### PROMPT
Give the entries again exactly. Skip the pictures.

Top of INFORMATION

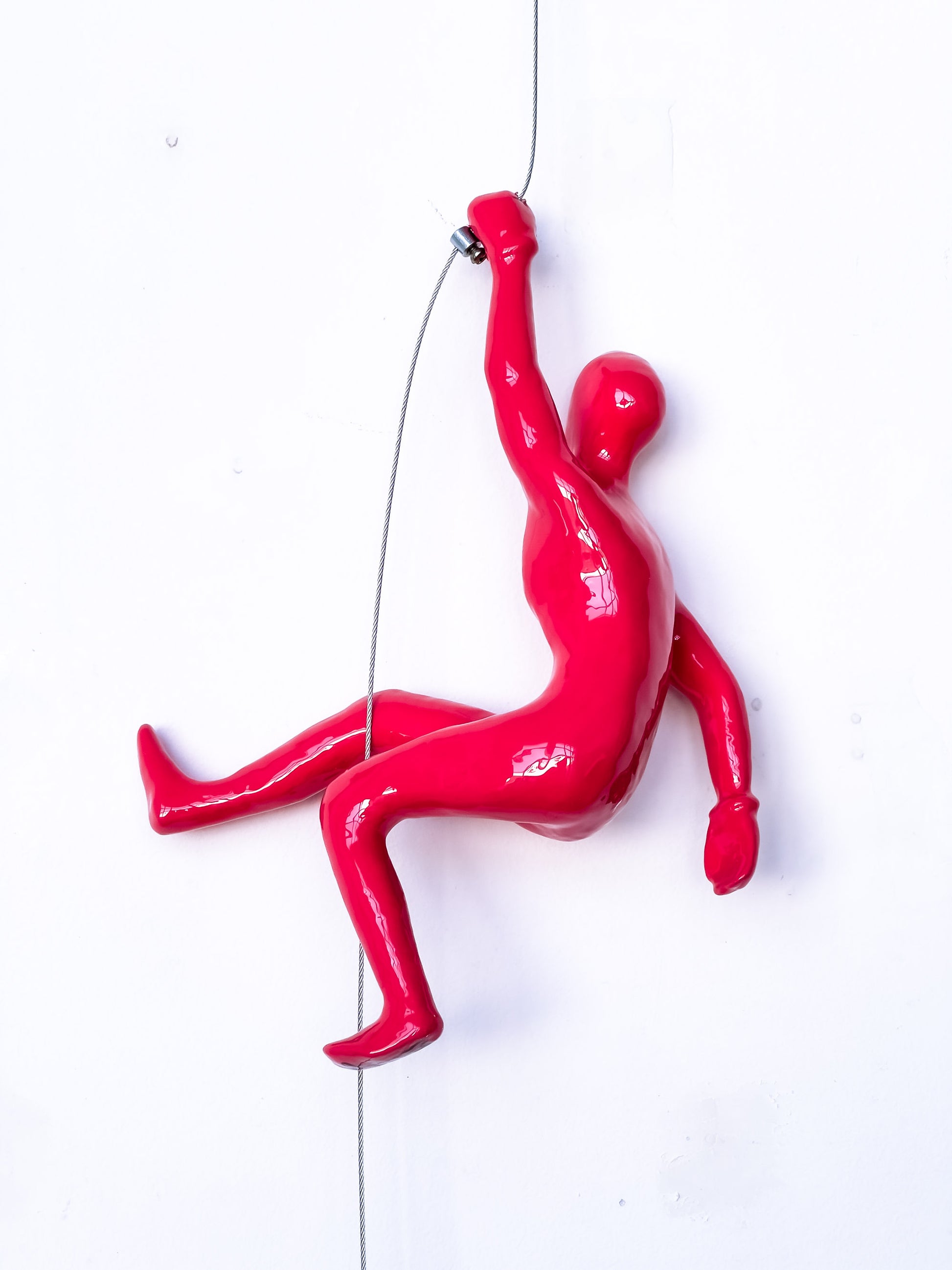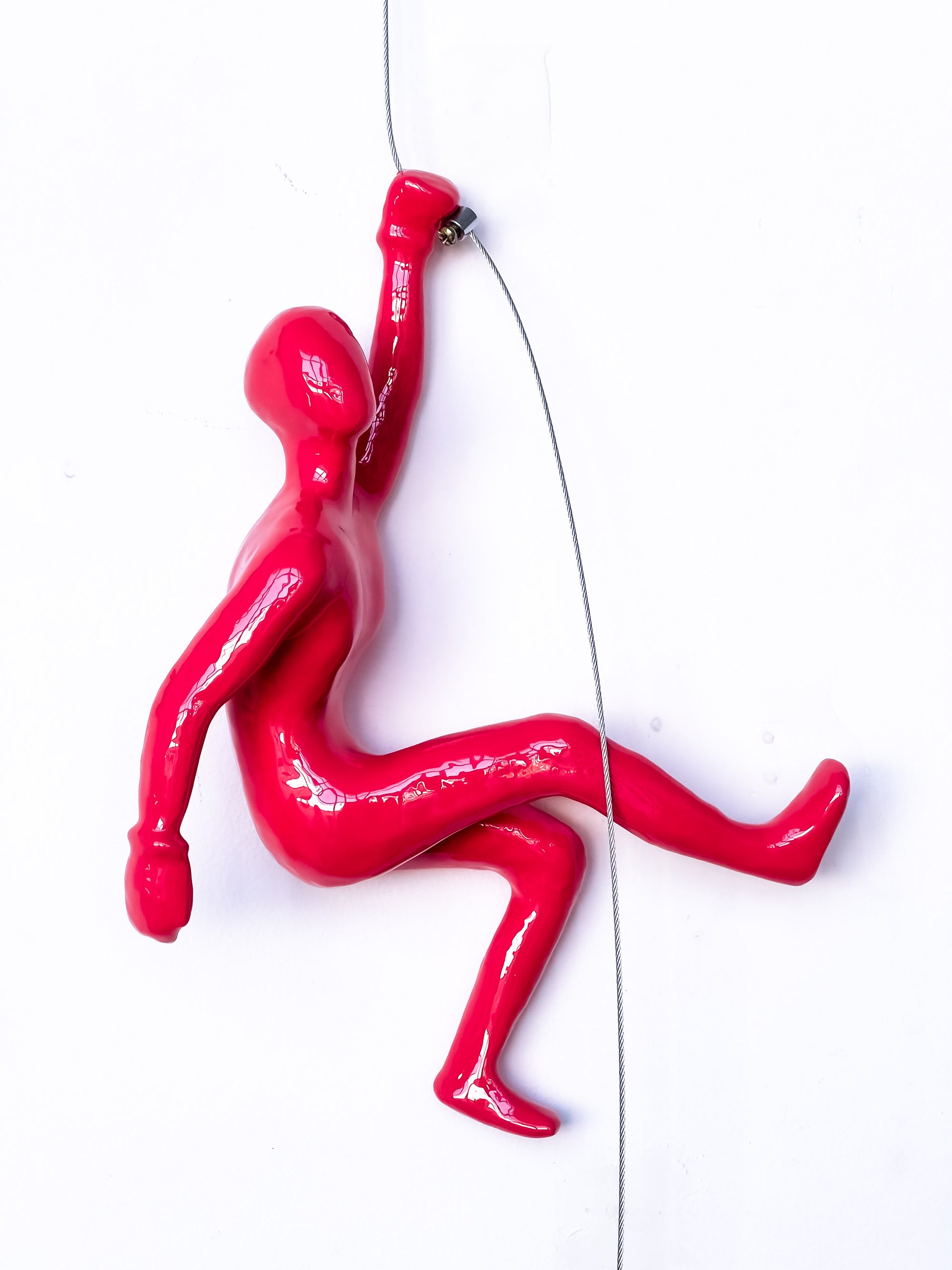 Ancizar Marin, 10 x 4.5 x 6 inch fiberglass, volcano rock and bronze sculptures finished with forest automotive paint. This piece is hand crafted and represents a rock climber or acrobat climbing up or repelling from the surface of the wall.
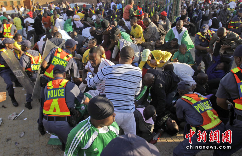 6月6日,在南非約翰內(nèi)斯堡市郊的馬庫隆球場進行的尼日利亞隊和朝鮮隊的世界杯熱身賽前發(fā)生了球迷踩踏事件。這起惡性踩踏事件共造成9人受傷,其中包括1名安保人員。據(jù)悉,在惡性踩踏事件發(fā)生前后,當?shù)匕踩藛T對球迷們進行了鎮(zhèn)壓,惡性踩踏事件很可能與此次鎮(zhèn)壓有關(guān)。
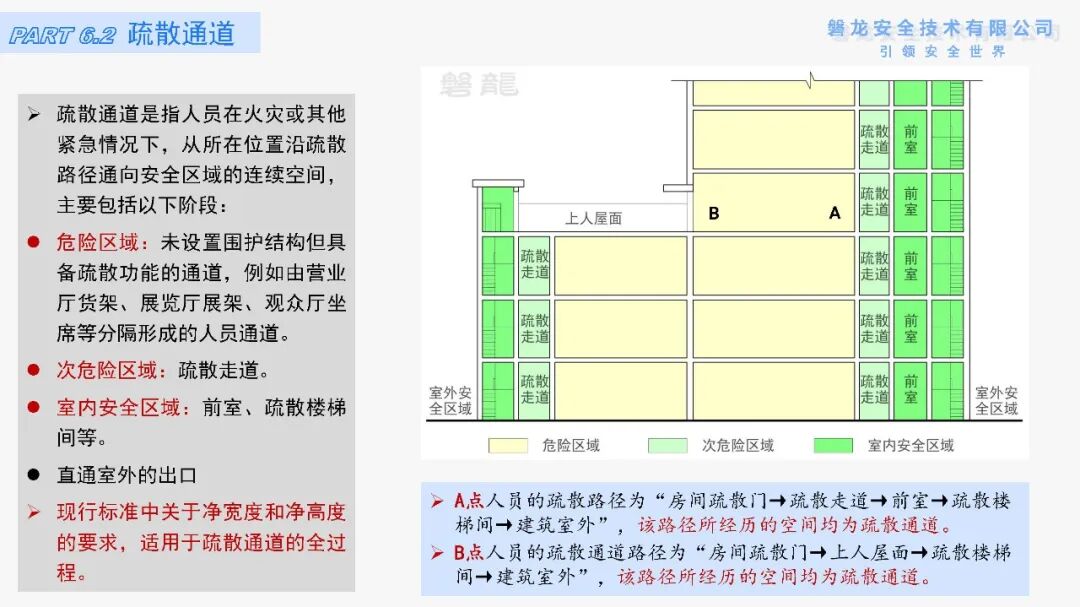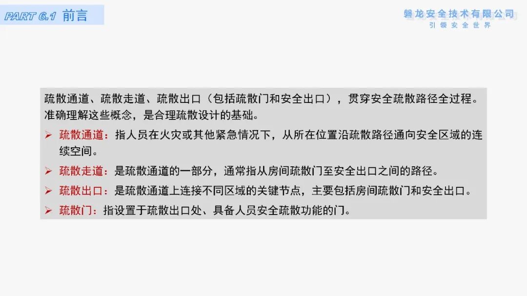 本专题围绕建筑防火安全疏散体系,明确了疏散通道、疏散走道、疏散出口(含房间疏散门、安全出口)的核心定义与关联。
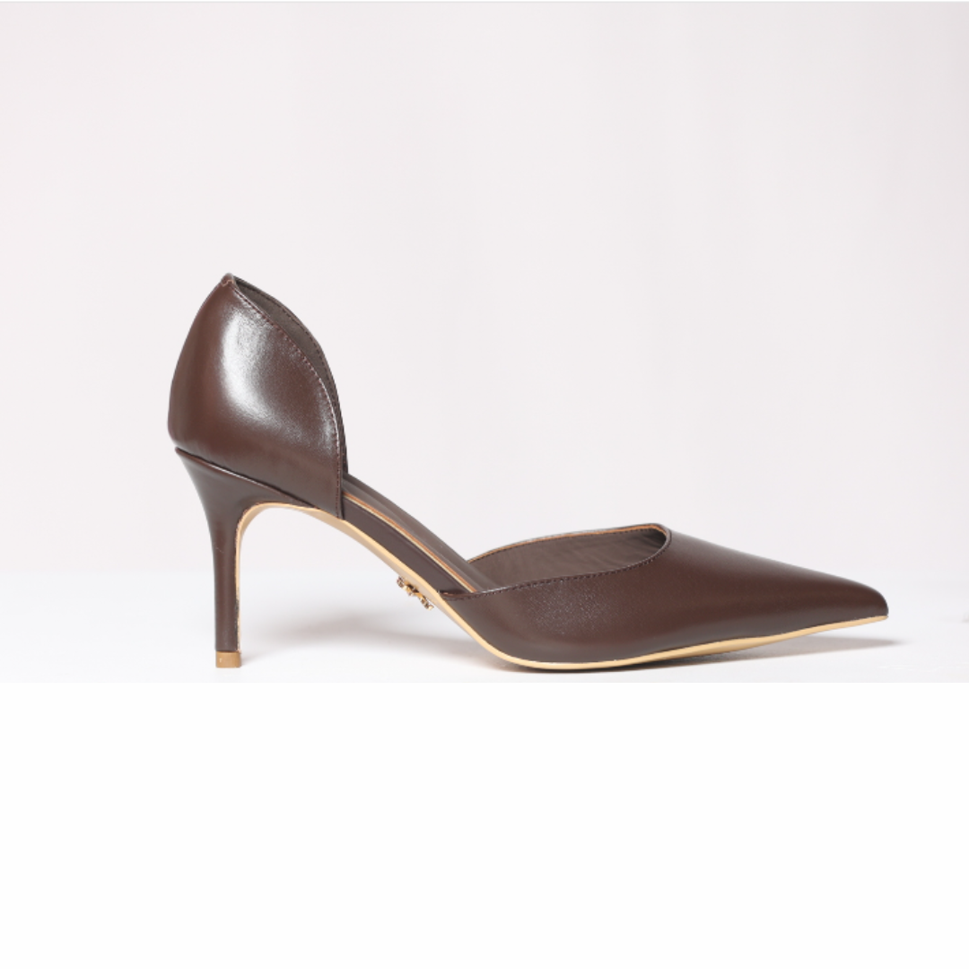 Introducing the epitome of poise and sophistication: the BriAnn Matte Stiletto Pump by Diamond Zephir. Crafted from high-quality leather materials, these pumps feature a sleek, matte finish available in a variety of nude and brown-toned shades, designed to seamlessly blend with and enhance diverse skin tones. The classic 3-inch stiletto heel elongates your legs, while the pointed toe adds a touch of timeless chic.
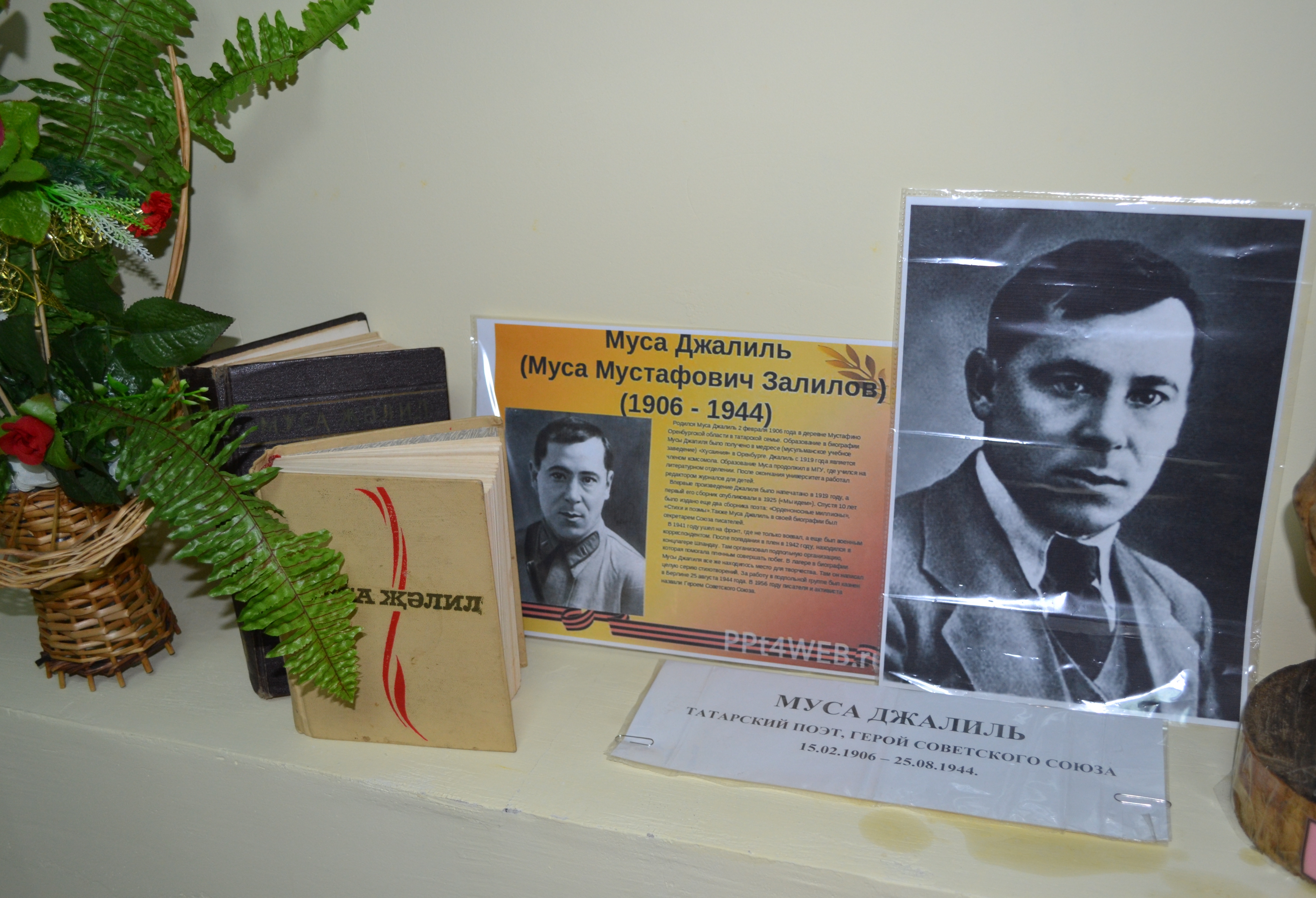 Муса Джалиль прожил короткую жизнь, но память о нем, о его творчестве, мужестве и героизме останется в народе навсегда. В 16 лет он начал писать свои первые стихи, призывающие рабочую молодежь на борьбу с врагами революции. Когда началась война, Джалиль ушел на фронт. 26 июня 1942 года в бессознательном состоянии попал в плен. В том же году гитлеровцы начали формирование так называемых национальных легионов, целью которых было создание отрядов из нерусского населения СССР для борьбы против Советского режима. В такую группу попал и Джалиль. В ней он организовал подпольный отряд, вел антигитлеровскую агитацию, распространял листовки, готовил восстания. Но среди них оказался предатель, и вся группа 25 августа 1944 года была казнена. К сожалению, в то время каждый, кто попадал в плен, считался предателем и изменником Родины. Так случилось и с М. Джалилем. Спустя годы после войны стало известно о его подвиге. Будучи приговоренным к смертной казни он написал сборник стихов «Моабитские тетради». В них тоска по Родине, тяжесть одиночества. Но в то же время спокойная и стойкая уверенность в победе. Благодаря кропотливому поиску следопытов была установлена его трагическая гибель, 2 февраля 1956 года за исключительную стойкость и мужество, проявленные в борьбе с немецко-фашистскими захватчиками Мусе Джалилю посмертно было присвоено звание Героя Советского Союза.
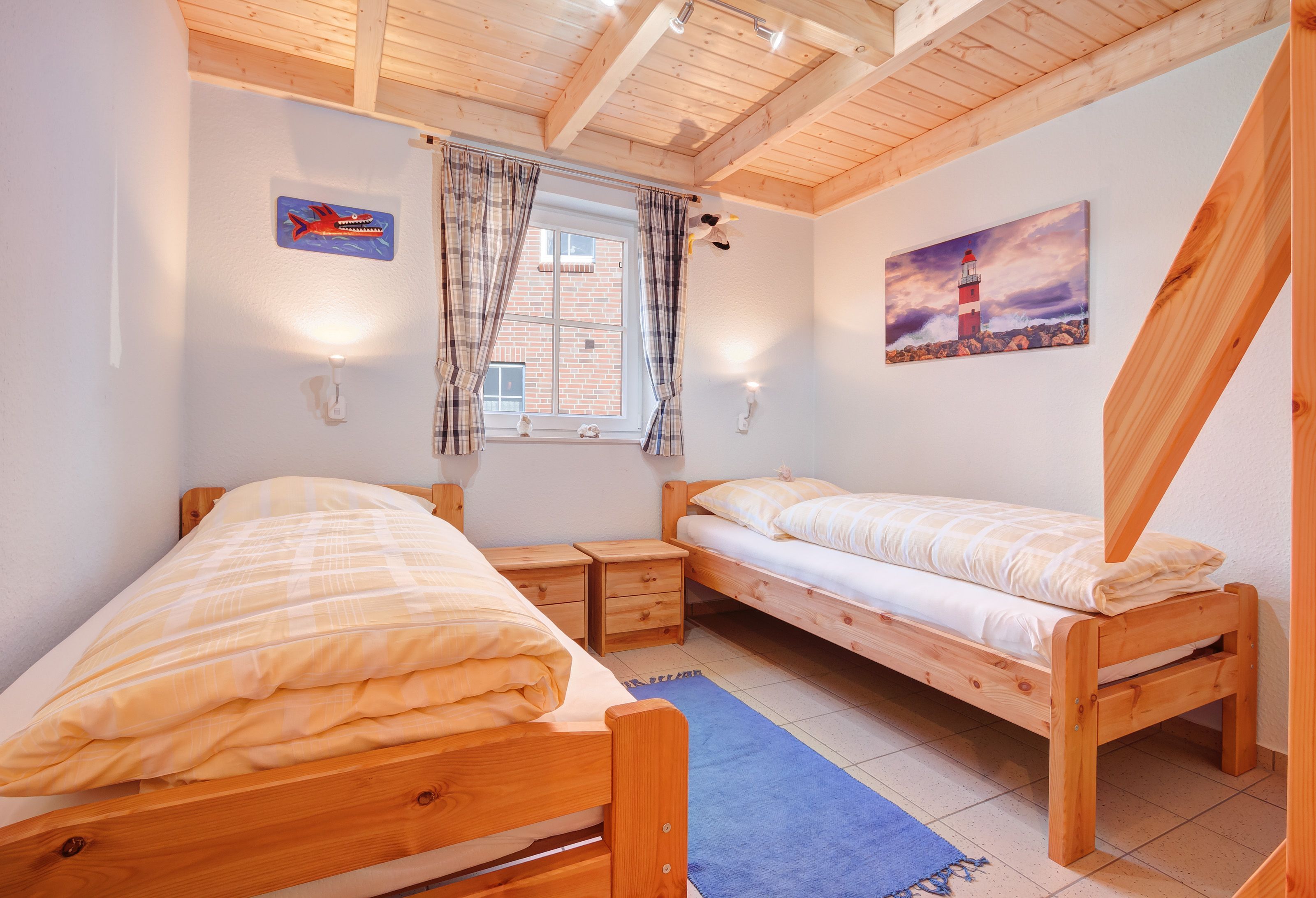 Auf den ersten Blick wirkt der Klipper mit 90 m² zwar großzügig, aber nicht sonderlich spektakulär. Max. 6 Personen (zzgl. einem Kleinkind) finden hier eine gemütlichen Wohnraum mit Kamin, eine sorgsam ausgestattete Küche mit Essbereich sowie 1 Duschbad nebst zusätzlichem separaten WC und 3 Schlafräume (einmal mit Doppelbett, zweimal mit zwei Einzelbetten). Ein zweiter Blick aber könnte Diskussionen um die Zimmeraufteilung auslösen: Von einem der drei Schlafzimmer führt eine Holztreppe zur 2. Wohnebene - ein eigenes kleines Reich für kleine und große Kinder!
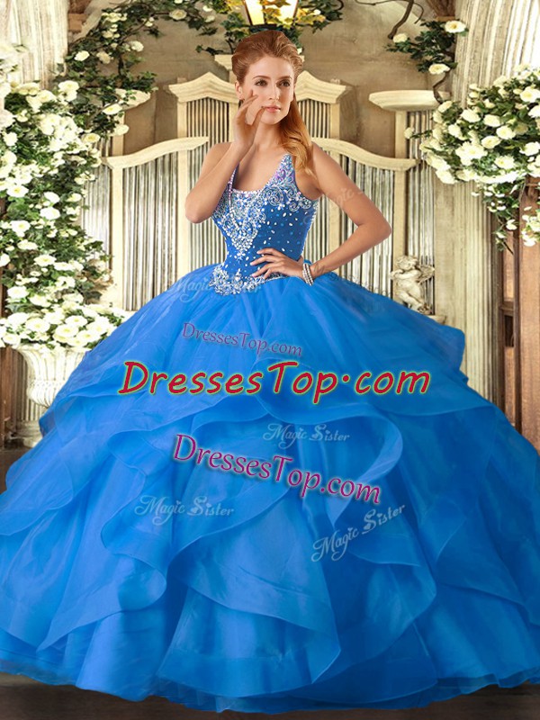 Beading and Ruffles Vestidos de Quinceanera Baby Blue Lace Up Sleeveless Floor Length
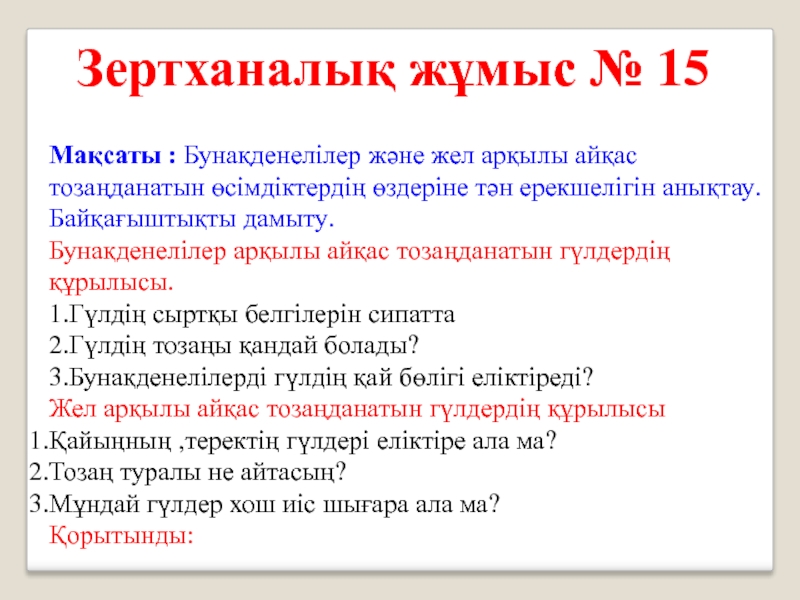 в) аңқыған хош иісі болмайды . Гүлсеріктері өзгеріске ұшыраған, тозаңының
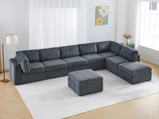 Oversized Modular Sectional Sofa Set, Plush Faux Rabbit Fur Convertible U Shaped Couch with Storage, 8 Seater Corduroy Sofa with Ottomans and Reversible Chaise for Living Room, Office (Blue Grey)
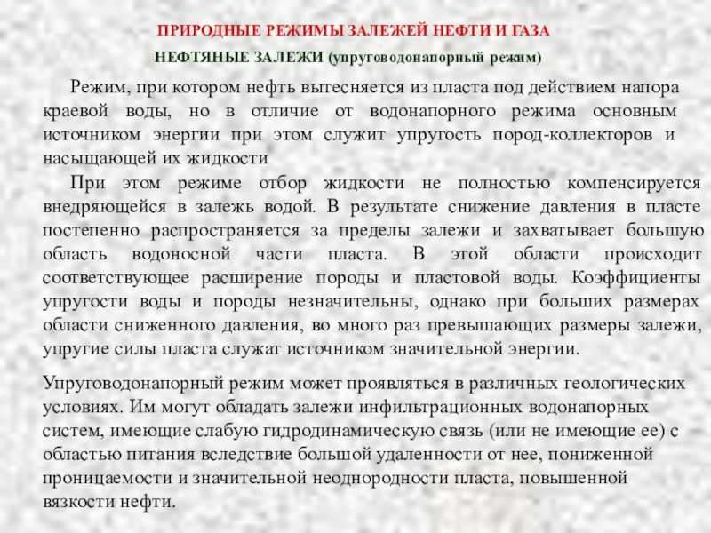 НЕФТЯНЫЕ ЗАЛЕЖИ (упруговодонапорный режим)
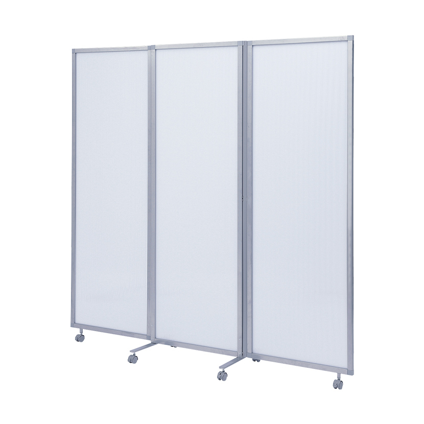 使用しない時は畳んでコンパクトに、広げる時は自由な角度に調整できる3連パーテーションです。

Bottom of INFORMATION

### SOLUTION FOR THIS TASK
 Ancizar Marin, 10 x 4.5 x 6 inch fiberglass, volcano rock and bronze sculptures finished with forest automotive paint. This piece is hand crafted and represents a rock climber or acrobat climbing up or repelling from the surface of the wall.
 6月6日,在南非約翰內(nèi)斯堡市郊的馬庫隆球場進行的尼日利亞隊和朝鮮隊的世界杯熱身賽前發(fā)生了球迷踩踏事件。這起惡性踩踏事件共造成9人受傷,其中包括1名安保人員。據(jù)悉,在惡性踩踏事件發(fā)生前后,當?shù)匕踩藛T對球迷們進行了鎮(zhèn)壓,惡性踩踏事件很可能與此次鎮(zhèn)壓有關(guān)。
 本专题围绕建筑防火安全疏散体系,明确了疏散通道、疏散走道、疏散出口(含房间疏散门、安全出口)的核心定义与关联。
 Introducing the epitome of poise and sophistication: the BriAnn Matte Stiletto Pump by Diamond Zephir. Crafted from high-quality leather materials, these pumps feature a sleek, matte finish available in a variety of nude and brown-toned shades, designed to seamlessly blend with and enhance diverse skin tones. The classic 3-inch stiletto heel elongates your legs, while the pointed toe adds a touch of timeless chic.
 Муса Джалиль прожил короткую жизнь, но память о нем, о его творчестве, мужестве и героизме останется в народе навсегда. В 16 лет он начал писать свои первые стихи, призывающие рабочую молодежь на борьбу с врагами революции. Когда началась война, Джалиль ушел на фронт. 26 июня 1942 года в бессознательном состоянии попал в плен. В том же году гитлеровцы начали формирование так называемых национальных легионов, целью которых было создание отрядов из нерусского населения СССР для борьбы против Советского режима. В такую группу попал и Джалиль. В ней он организовал подпольный отряд, вел антигитлеровскую агитацию, распространял листовки, готовил восстания. Но среди них оказался предатель, и вся группа 25 августа 1944 года была казнена. К сожалению, в то время каждый, кто попадал в плен, считался предателем и изменником Родины. Так случилось и с М. Джалилем. Спустя годы после войны стало известно о его подвиге. Будучи приговоренным к смертной казни он написал сборник стихов «Моабитские тетради». В них тоска по Родине, тяжесть одиночества. Но в то же время спокойная и стойкая уверенность в победе. Благодаря кропотливому поиску следопытов была установлена его трагическая гибель, 2 февраля 1956 года за исключительную стойкость и мужество, проявленные в борьбе с немецко-фашистскими захватчиками Мусе Джалилю посмертно было присвоено звание Героя Советского Союза.
 Auf den ersten Blick wirkt der Klipper mit 90 m² zwar großzügig, aber nicht sonderlich spektakulär. Max. 6 Personen (zzgl. einem Kleinkind) finden hier eine gemütlichen Wohnraum mit Kamin, eine sorgsam ausgestattete Küche mit Essbereich sowie 1 Duschbad nebst zusätzlichem separaten WC und 3 Schlafräume (einmal mit Doppelbett, zweimal mit zwei Einzelbetten). Ein zweiter Blick aber könnte Diskussionen um die Zimmeraufteilung auslösen: Von einem der drei Schlafzimmer führt eine Holztreppe zur 2. Wohnebene - ein eigenes kleines Reich für kleine und große Kinder!
 Beading and Ruffles Vestidos de Quinceanera Baby Blue Lace Up Sleeveless Floor Length
 в) аңқыған хош иісі болмайды . Гүлсеріктері өзгеріске ұшыраған, тозаңының
 Oversized Modular Sectional Sofa Set, Plush Faux Rabbit Fur Convertible U Shaped Couch with Storage, 8 Seater Corduroy Sofa with Ottomans and Reversible Chaise for Living Room, Office (Blue Grey)
 НЕФТЯНЫЕ ЗАЛЕЖИ (упруговодонапорный режим)
 使用しない時は畳んでコンパクトに、広げる時は自由な角度に調整できる3連パーテーションです。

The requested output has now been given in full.